Imagine a world where the government had complete control over all channels into the country - air, land, water, everything. Where all incoming and outgoing mail is monitored. Where computer access, and moreso Internet access, is largely unavailable to prevent inappropriate communication. Where police seem omnipresent, and failing to immediately heed their orders will result in sanction and perhaps in severe penalty. Where the state tells you when to get up in the morning, what you will do during the day, what you will wear, when to eat, what you will eat, and when to go to bed - even when you can shower. Even when and under what conditions you can see your spouse or children. Where the state controls what you watch on TV, and doesn't permit access to programs, movies, or reading materials that may be "disruptive to order". Where the genders are kept segregated, and where a gathering of four or more persons is likely to be quickly broken up by the police (with participants in the gathering subject to being charged with gang activity).

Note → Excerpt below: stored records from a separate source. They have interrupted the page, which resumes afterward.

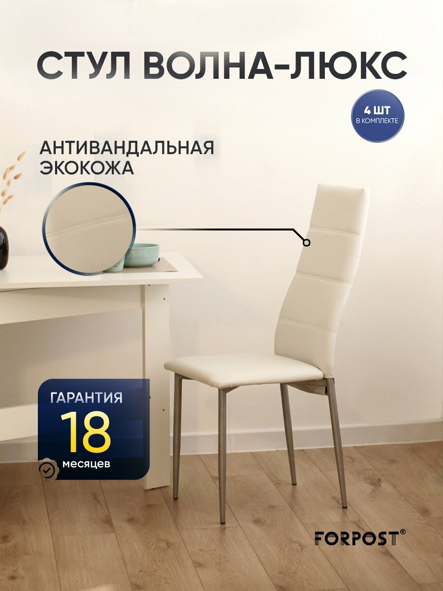 Стул для кухни мягкий со спинкой Волна-Люкс, 4 штуки белый информация:
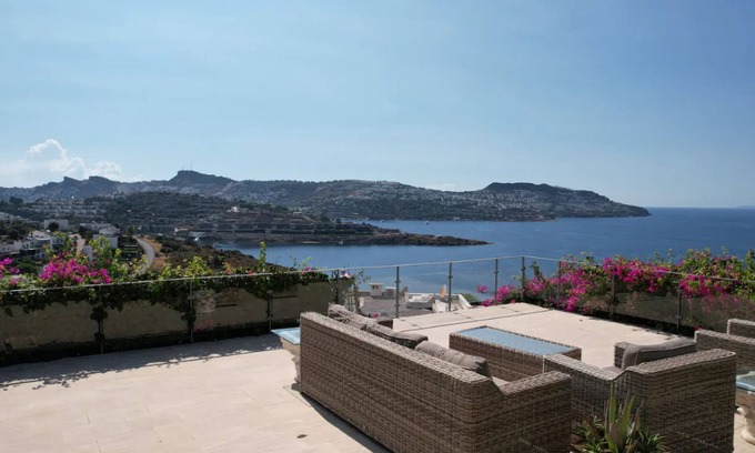 Villa w Sea View Terrace 5 min to Beach in Bodrum is located in Gundogan. Villa w Sea View Terrace 5 min to Beach in Bodrum provides accommodation, featuring Fireplace/Heating, Child Friendly, Balcony/Terrace, among other amenities. This Villa features Fireplace/Heating, Child Friendly, Balcony/Terrace, to make your stay a comfortable one.
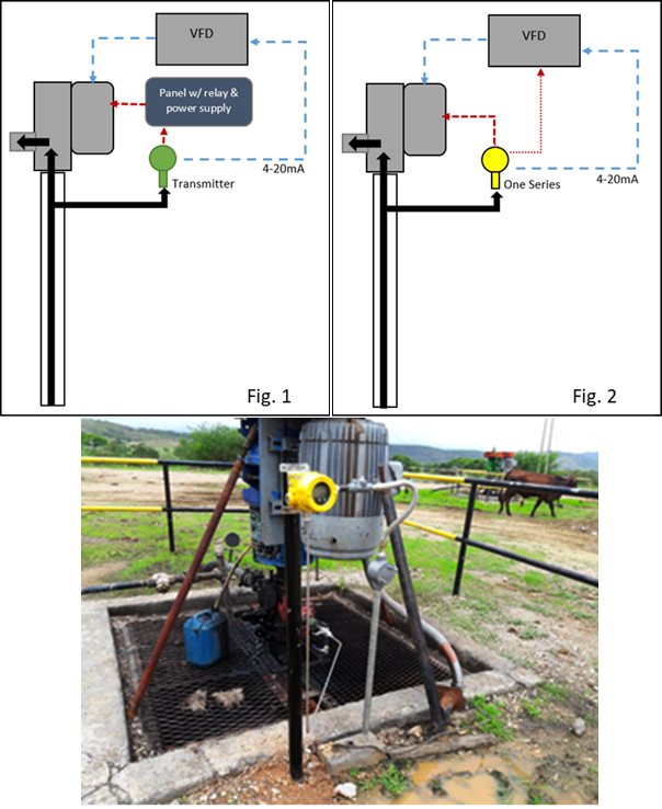 The NOC chose the ONE Series SIL 2 Safety Transmitter with Safety Relay Output (SRO) because it combined the 4-20 mA output that went to the VFD with an integral safety relay that could directly shut down the PC pump (see picture). With the analog signal connected to the VFD and the embedded logic solver and relay providing redundant safety shutdown of the PC pump, the external power supply, relay and added enclosure were eliminated. An additional digital signal could be inputted to the VFD to alert it in the event the pump was shut down (see Fig. 2).
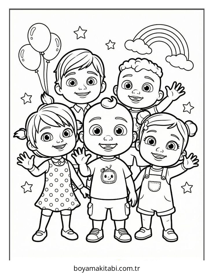 CoComelon temalı bu boyama sayfası çocuklar için okul öncesi ve evde etkinlik bir etkinlik sunar. Ücretsiz olarak indirip yazdırabilir, evde keyifli bir boyama zamanı oluşturabilirsiniz.
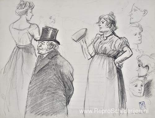 Wij bieden u een ambachtelijke reproductie op doek van het beroemde schilderij 'Etude des Figures' van Theophile Steinlen, afkomstig uit het Reproductiemuseum.
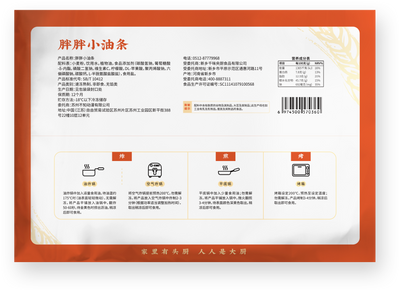 胖胖小油条:小麦粉、饮用水、植物油、食品添加剂(碳酸氢钠、葡萄糖酸-δ-内脂、磷酸二氢钠、维生素C、柠檬酸、DL-苹果酸、聚丙烯酸钠、六偏磷酸钠、碳酸钙、L-半胱氨酸盐酸盐)、食用盐
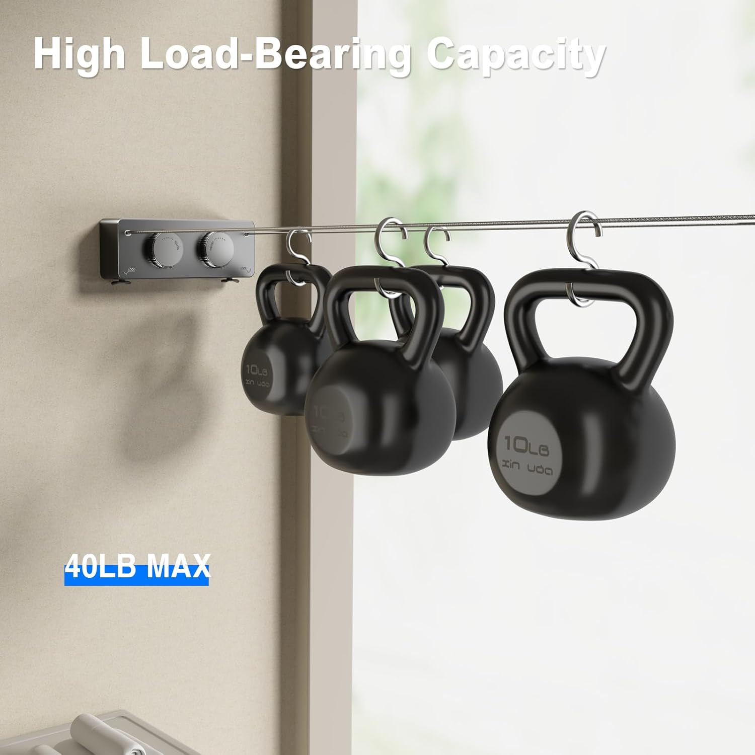 • 【Large Capacity & Heavy Duty】The double line's longest length is 13.8 feet, and there is enough space to hang your clothes, socks, quilts, etc. This Clothesline can also hold a maximum weight of 40 pounds; you don't need to worry about hanging clothes that are too heavy to cause the line to fall.
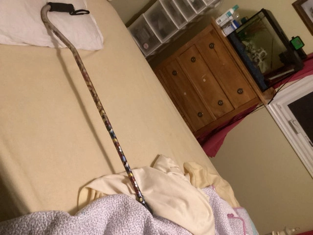 This is a used walking cane that is in good condition, ready to assist with mobility and stability. This cane features a comfortable grip and sturdy construction. I'm parting ways with this walking cane, hoping it finds a new home where it can continue to be of assistance. It has served me well, offering support and stability when needed. Don't miss out on the opportunity to own this reliable walking cane. Additional details include:
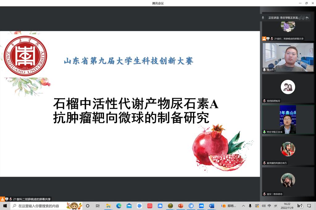 为鼓励支持大学生开展科技创新活动,展示大学生科技创新成果,培养大学生直面问题、解决问题的本领,培养创新创业应用型人才,按照《关于举办枣庄学院第九届大学生科技创新大赛的通知》要求,近日,买球官方网站线上组织了枣庄学院第九届大学生科技创新大赛院级选拔赛。
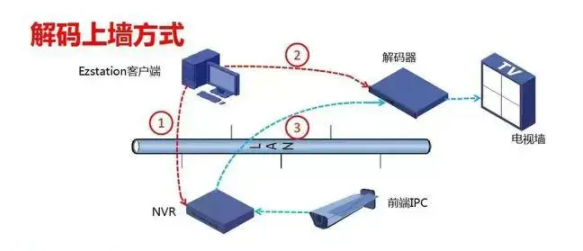 对于小型监控项目,使用解码器上墙是比较简单方便的。有的解码器支持“轮巡解码”,可以将解码器的功能发挥到最大。目前知名的摄像机品牌生产商基本上都是搭配自己的解码器,解码能力与其它品牌的摄像机无法兼容,如果从前端的拍摄到后端的解码都是一个品牌,那么容易就可以实现,如果用户前端有多个品牌的监控,那么就不能兼容。关于它的应用,我们看它的拓扑图:

Not North Korea - I am describing the restrictions on liberty imposed by a typical prison in the United States. But if you speak with a prisoner, you will learn that despite this level of state control, drugs are freely available in prisons. Often of a higher quality than on the streets, and usually at a lower price.

If we can't win "the war on drugs" in prisons, who are we fooling with the notion that our present drug policies make any sense at all?